Chicken pot pie has been a comfort food classic for generations. It’s creamy, rich, and full of flavor. It’s also super easy to make, especially with a ready made crust. This chicken pot pie recipe is sure to please everyone at the table. It’s a great way to use up leftover chicken or to make a delicious meal with a rotisserie chicken. The creamy gravy and the flaky crust are a match made in heaven. This chicken pot pie recipe is a classic and it’s sure to become a family favorite!

Prep Time

This chicken pot pie recipe is quick and easy to make. You can have it prepped and ready to go in about 15 minutes. All you need to do is gather your ingredients, chop the vegetables, and mix together the gravy.

Cook Time

This chicken pot pie recipe will take about an hour to cook. You’ll want to preheat your oven to 350°F and bake the pot pie for about 45 minutes. You can check it by inserting a knife into the center to make sure it’s cooked through. You can also check the temperature with a thermometer. The internal temperature should read 165°F.

Ingredients

  • 2 tablespoons butter
  • 1 onion, diced
  • 1/2 cup carrots, diced
  • 1 cup frozen peas
  • 2 cloves garlic, minced
  • 2 tablespoons all-purpose flour
  • 1 1/2 cups chicken broth
  • 1/2 cup milk
  • 1 teaspoon dried thyme
  • 1/2 teaspoon salt
  • 1/2 teaspoon black pepper
  • 2 cups cooked chicken, shredded
  • 1 9-inch ready made pie crust

Instructions

  1. Preheat oven to 350°F.
  2. Melt butter in a large skillet over medium heat.
  3. Add onions, carrots, and peas and cook for 8-10 minutes, stirring occasionally, until vegetables are softened.
  4. Add garlic and cook for 1 minute.
  5. Stir in flour and cook for 1 minute.
  6. Slowly add chicken broth, whisking constantly until there are no lumps.
  7. Add milk, thyme, salt and pepper and stir to combine.
  8. Bring to a simmer and cook for 5 minutes, stirring occasionally.
  9. Stir in chicken and cook for 1 minute.
  10. Pour mixture into a 9-inch pie plate and top with ready made pie crust.
  11. Bake for 45 minutes, or until crust is golden brown and filling is bubbly.
  12. Remove from oven and let cool for 10 minutes before serving.

Equipment

  • Large skillet
  • 9-inch pie plate
  • Whisk
  • Knife
  • Thermometer (optional)

Notes

You can substitute the vegetables in this recipe for whatever you have on hand.
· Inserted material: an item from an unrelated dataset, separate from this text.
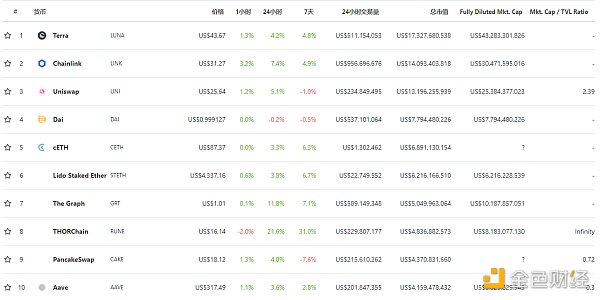DeFi項目鎖定資產前十排名及鎖倉量,數據來源:Debank

You can also use any type of cooked chicken such as rotisserie chicken or leftover chicken. If you prefer a creamier sauce, you can add an extra 1/2 cup of milk. If you want to lighten up the recipe, you can use low-fat milk or low-sodium broth.

Nutrition: Per Serving

  • Calories: 316
  • Fat: 15.6g
  • Carbohydrates: 23.1g
  • Protein: 17.6g
  • Sodium: 581mg
  • Fiber: 2.5g

Recipe Tips

This chicken pot pie recipe is a great way to use up leftovers. You can also add some cubed potatoes or other vegetables to the filling. If you’re short on time, you can skip the pre-baking step and just bake the pot pie for about an hour. You can also use a pre-made refrigerated pie crust for an even quicker option. This chicken pot pie recipe is a great way to enjoy a classic comfort food without spending too much time in the kitchen.